» **BRIEF**
Return, without pictures, the lines from the start of the data through the one that contains "Klotter i korbänk".

» **Records contained in a dataset**
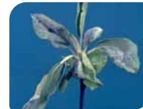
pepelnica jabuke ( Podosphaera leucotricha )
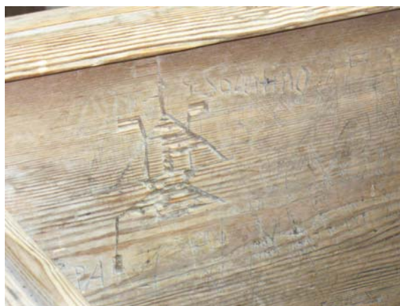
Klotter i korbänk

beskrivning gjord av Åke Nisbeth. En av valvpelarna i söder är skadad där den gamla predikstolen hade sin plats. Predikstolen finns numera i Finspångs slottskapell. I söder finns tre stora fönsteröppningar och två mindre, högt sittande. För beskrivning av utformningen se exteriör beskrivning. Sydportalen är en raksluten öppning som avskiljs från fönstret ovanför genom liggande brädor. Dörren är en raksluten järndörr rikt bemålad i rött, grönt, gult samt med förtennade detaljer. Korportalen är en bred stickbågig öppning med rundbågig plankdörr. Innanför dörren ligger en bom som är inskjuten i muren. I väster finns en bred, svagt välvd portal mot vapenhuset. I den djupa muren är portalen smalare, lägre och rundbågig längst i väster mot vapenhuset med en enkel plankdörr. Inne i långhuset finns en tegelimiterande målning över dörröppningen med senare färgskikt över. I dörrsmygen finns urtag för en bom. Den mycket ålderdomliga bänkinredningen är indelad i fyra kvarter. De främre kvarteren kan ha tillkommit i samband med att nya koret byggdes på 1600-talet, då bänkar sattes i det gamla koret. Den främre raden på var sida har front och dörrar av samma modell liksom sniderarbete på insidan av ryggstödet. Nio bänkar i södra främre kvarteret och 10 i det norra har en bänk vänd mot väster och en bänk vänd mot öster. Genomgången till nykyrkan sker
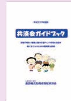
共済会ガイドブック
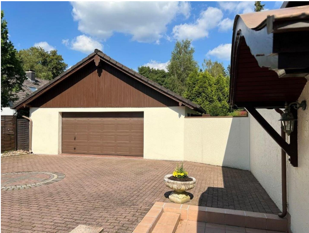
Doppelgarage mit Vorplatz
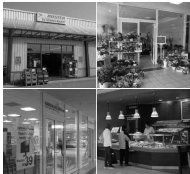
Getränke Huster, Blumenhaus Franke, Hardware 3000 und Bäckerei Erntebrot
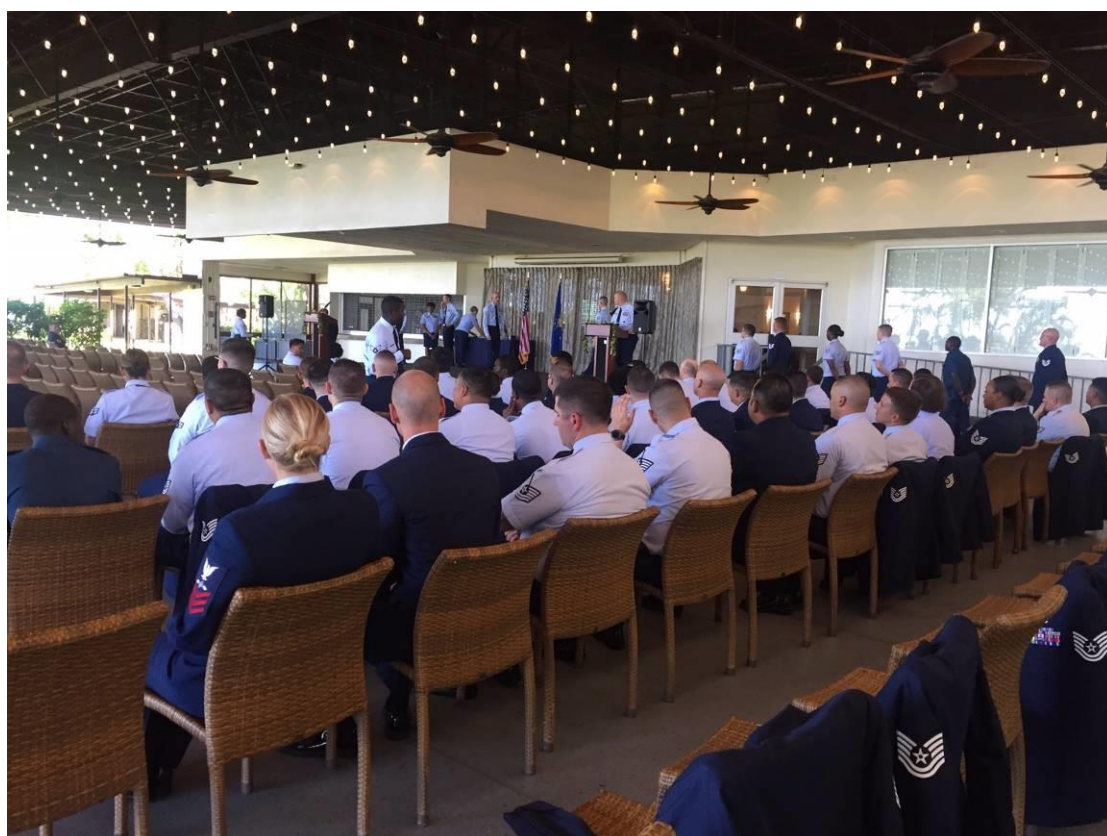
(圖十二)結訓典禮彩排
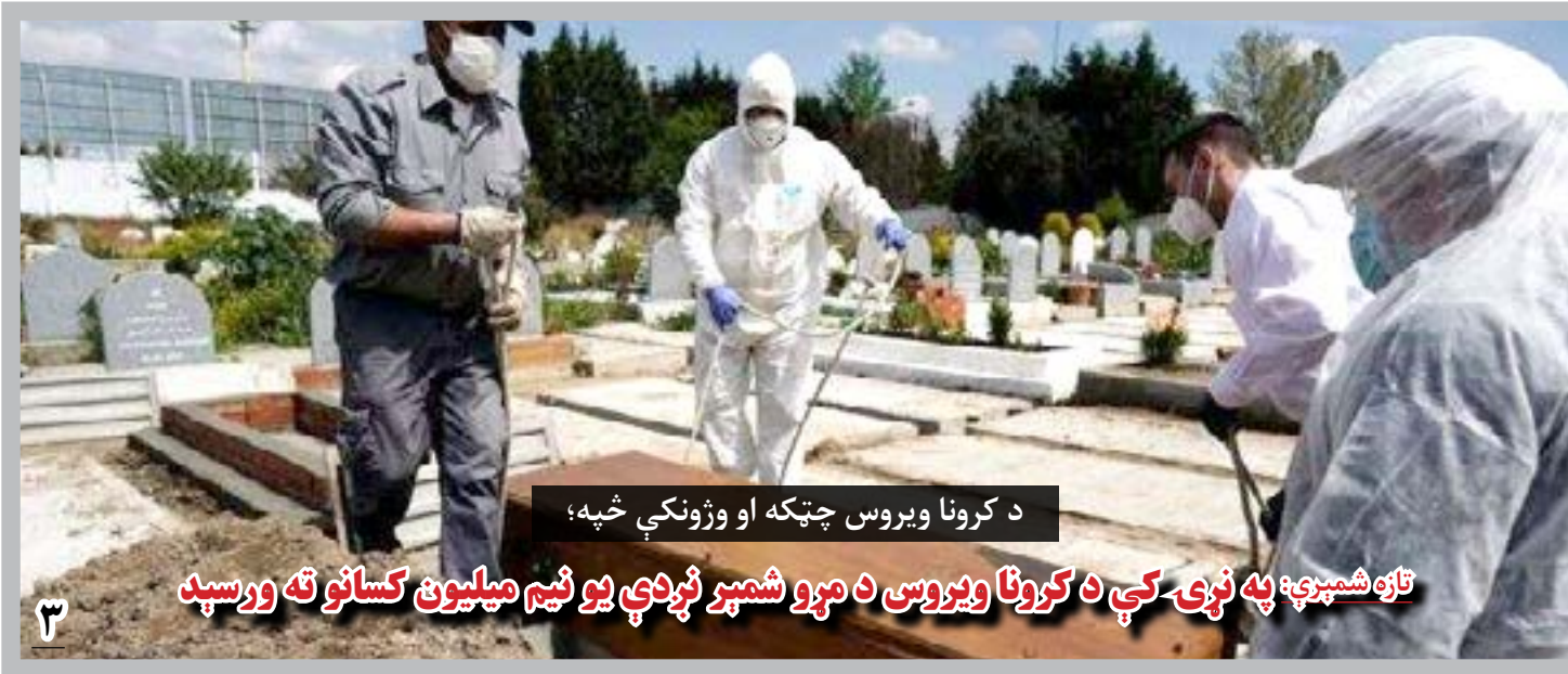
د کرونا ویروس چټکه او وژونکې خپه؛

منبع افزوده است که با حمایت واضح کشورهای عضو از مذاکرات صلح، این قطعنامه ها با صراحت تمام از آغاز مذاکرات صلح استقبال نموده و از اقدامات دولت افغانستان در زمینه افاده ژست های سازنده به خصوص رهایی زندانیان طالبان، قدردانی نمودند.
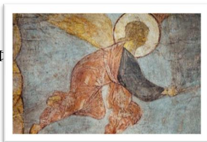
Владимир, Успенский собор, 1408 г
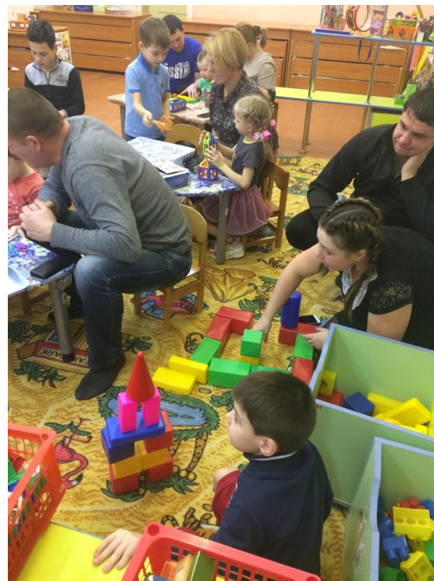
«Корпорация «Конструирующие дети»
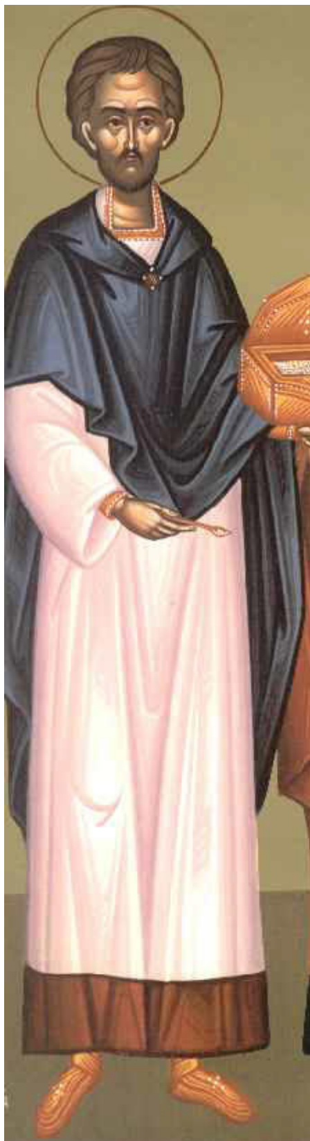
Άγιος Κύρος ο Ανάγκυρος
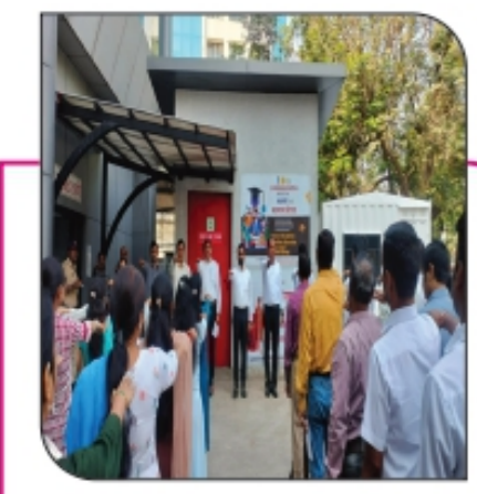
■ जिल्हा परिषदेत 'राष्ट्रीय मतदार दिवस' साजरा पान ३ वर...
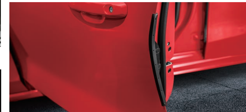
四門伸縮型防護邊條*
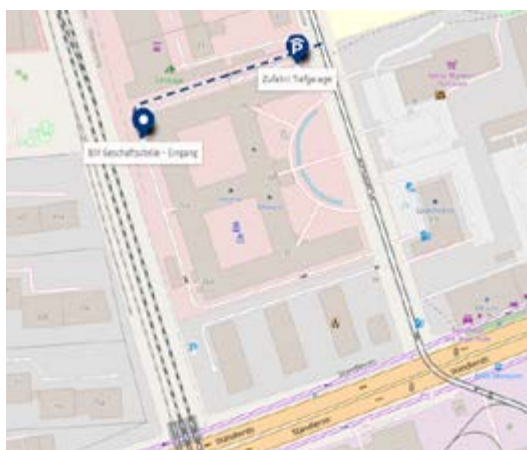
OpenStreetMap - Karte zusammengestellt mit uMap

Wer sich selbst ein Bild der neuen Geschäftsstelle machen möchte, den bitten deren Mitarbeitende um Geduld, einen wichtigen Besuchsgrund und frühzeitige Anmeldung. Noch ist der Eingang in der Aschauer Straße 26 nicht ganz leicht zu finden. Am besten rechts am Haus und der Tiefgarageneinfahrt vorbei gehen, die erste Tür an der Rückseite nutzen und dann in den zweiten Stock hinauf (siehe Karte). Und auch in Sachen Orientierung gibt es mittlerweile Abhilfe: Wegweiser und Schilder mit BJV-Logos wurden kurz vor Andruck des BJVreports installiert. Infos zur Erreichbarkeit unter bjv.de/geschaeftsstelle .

» **RESULT FOR THIS EXERCISE**
pepelnica jabuke ( Podosphaera leucotricha )
Klotter i korbänk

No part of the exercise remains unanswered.